Modern Design for School Furniture


A newspaper article published in the Kalamazoo Gazette on 18 April 1960 announced that the Brunswick-Balke-Collender Company would be officially shortening their name to the Brunswick Corporation. That same year, Kalamazoo was headquarters for the company’s School Equipment Division. The corporation had been established in 1845 by Swiss born J.M. Brunswick in Cincinnati, Ohio, and focused on the manufacturing of billiard tables. By the late 1940s, Brunswick had set up its corporate headquarters in Chicago, and was involved in several product lines, including bowling equipment and school furniture.
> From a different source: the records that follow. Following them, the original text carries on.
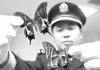 野外生存數量與大熊貓差不多的金斑喙鳳蝶,人們在大自然中幾乎見不到。但讓鄭州海關緝私警察為之一驚的是,他們在查獲的國際航空掛號信里,不僅見到了24枚喙鳳蝶標本,還見到了極為罕見的2枚金裳鳳蝶標本。記者今天從鄭州海關獲悉,他們成功偵破了一起利用郵遞渠道走私珍貴蝴蝶標本出境的案件。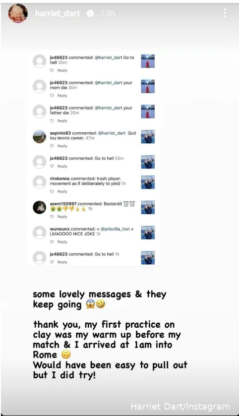 Tennisspieler werden in den sozialen Medien beschimpft, seit es die sozialen Medien gibt, und es ist ein Problem, über das viele gesprochen haben. Es ist nicht viel anders als bei anderen Sportlern, denn die meisten dieser Nachrichten kommen nach einer Niederlage, die meistens mit Glücksspielen zu tun hat. Dart verlor in der Qualifikation für die Rom Open und teilte einen Screenshot der Nachrichten, die sie seither erhalten hat: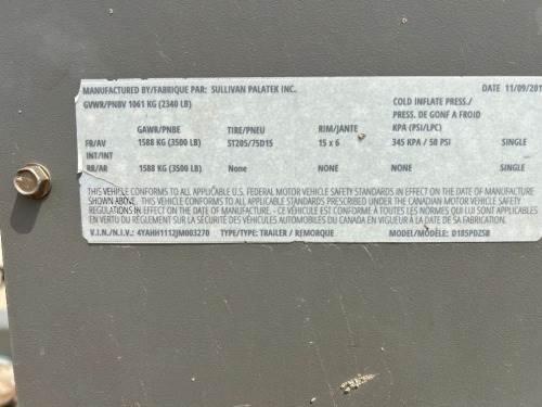 2018 SULLIVAN D185PDZSB AIR COMPRESSOR, 185cfm, Deutz diesel, portable. s/n:09802604-004-026; Trailer s/n:4YAHH1112JM003270 --(LOCATED IN MADERA, CA)--

Brunswick Product Catalog (1960), Local History Collection

The 300,000 square foot Kalamazoo facility was located at 2605 E. Kilgore Road. The property had been purchased from CBS-Hytron in 1958. One of the company’s novel concepts was the making of modular classroom equipment and furniture, often in modern, bold colors (Champagne, Citron, Flame, Sky Blue, Mist Green, Salmon). Brunswick was responding to the spatial and educational needs of modern school buildings, developing products like the Moduwall, a “series of flexible and interchangeable wall-hung teaching aids which permits each teacher to tailor physical wall space facilities to meet his or her teaching needs.” Another unique design solution put forward by the local division centered around the creation of stackable fiberglass chairs. Brunswick discovered that packing several chairs on top of eachother was far more cost effective than shipping individual chairs. This packing solution also had the positive effect of making it easier for teachers to move and store a large number of classroom chairs.
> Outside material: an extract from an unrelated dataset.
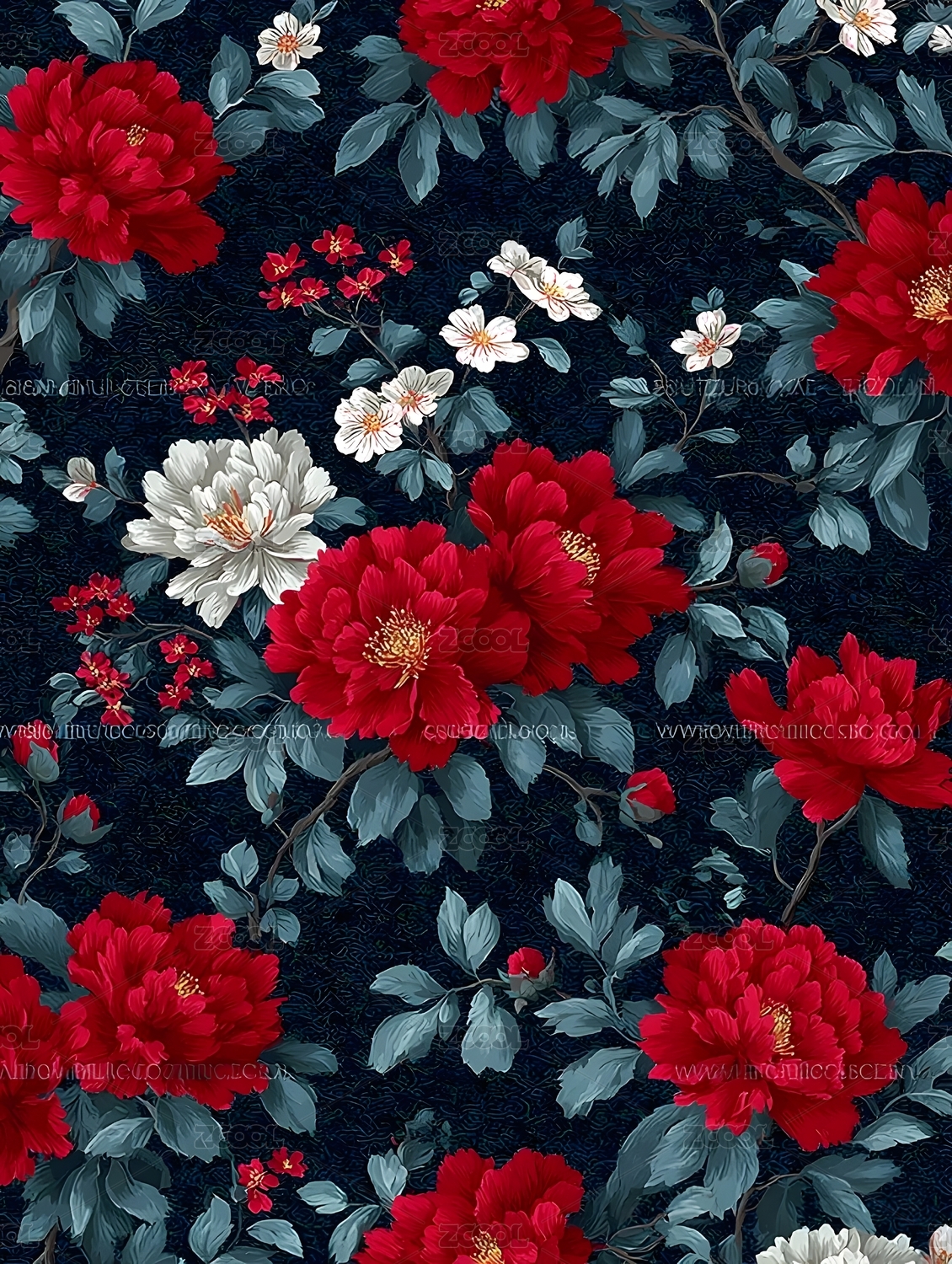 水墨牡丹盛开花卉中国风复古布料底纹图案

“Functional Color for the Classroom” (Paul Seagers & G. Harold Hart, A.S.I.D., 1958)

The company’s interest in color schemes was not without a pedagogical foundation. In 1958, authors Paul Seagers and G. Harold Hart published a brochure that outlined the company’s philosophy on industrial design and learning. Their “Ideal Classroom of Today” would be one that considered the role of color in supporting the learning environment.

“The enjoyment and use of color is fundamental in our everyday human experience. Alert educators in our school systems are aware of the enlightened use of color in factories and workshops as applied to such matters as fatigue, safety and morale. It is only reasonable to them that such knowledge be used in the treatment of the interiors and furnishings of our schoolrooms to obtain the optimum in the education of our growing boys and girls.”

“The effective use of color in the schoolroom need not be a mystery. The same basic principles of harmony in music govern in the use of color…in creating moods and background atmospheres for specific activities. It is by an increased understanding of its effective use that we are able to employ color more harmoniously and effectively.”

By 1970, Brunswick’s school furniture division in Kalamazoo ceased operations after the company sold off this portion of their product portfolio.

 

Written by Ryan Gage, Kalamazoo Public Library staff, January 2026

Sources

Articles

“Brunswick dedicates plant Nov. 10”
Kalamazoo Gazette, 31 October 1958

“Educators see teaching innovation”
Kalamazoo Gazette, 17 February 1960


Local History Room Files

Subject File: Brunswick Corporation (Brunswick-Balke-Collender)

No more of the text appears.